The full documentation is at http://ejml.org/javadoc/.

7. Breeze

Introduction

Breeze is a Scala libary for machine learning and numerical computing. It contains matrix and vector classes and many other components such as statistical distributions, optimization, integration, etc. Since this library is written in Scala, the syntax is generally more elegant and convenient than those implemented in pure Java.

Installation

At the time of writing there is no officially provided .jar file on the web, so it is suggested to build the library from source code, which may take some efforts.

The following commands automatically downloads the source code of Breeze and a necessary building tool sbt, and then builds the .jar file from source.

cd ~/scala_lib
wget https://github.com/scalanlp/breeze/archive/master.zip
unzip master.zip
cd breeze-master
wget https://dl.bintray.com/sbt/native-packages/sbt/0.13.9/sbt-0.13.9.tgz
tar xzf sbt-0.13.9.tgz
./sbt/bin/sbt assembly
mv target/scala-2.*/breeze-*.jar ..
cd ..
rm master.zip
rm -r breeze-master

Usage Example

In Scala console,

// Import library
import breeze.linalg._
import breeze.numerics._

// Create the matrix
val A = DenseMatrix.zeros[Double](3, 6)

// Fill the matrix with random numbers
val r = new scala.util.Random(0)

for(i <- 0 until A.rows)
    for(j <- 0 until A.cols)
        A(i, j) = r.nextDouble()

// Set the first value to be the last value
A(0, 0) = A(A.rows - 1, A.cols - 1)

// Get a sub-matrix, 1st row to 3rd row, 1st column to 3rd column
// We need to make a copy here since without it changing B will
// also change A
val B = A( :: , 0 to 2).copy

// Set a sub-matrix of A to B, 1st row to 3rd row,
// 2nd column to 4th column
A( :: , 1 to 3) := B

// Matrix product C=A'B
val C = A.t * B

// Solve linear equation
val a = A( :: , 0)
val x = B \ a

Documention

8. Summary

All the libraries written in Java have similar syntax and function names. There is also a benchmark of matrix operations on different libraries, including the ones mentioned here.

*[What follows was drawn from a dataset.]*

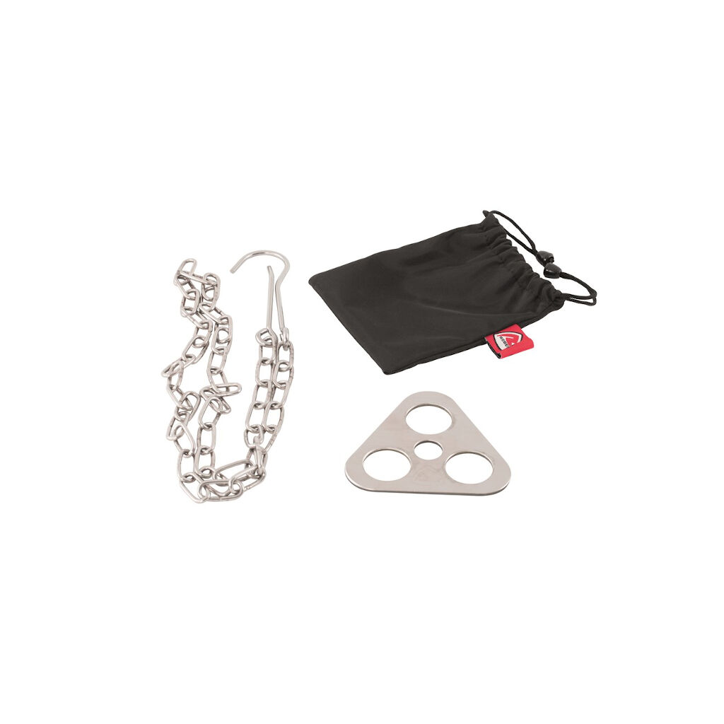 Steek 3 stokken uit de natuur in en buig de poten uit zodat je een zelfgemaakte driepoot hebt, klaar voor koken boven open vuur. Bij de adapter komt een ketting waarmee je de temperatuur/hoogte tot het vuur kunt aanpassen. Eenvoudige en handige manier om je eigen driepoot te maken.

Breeze takes advantage of the Scala syntax, which makes the code more elegant and easier to write. For example matrix elements can be accessed or set using parentheses, and operator overloading allows users to write matrix operations just like in mathematical formulas. Due to this reason Breeze seems to be a good choice for matrix manipulation in Scala.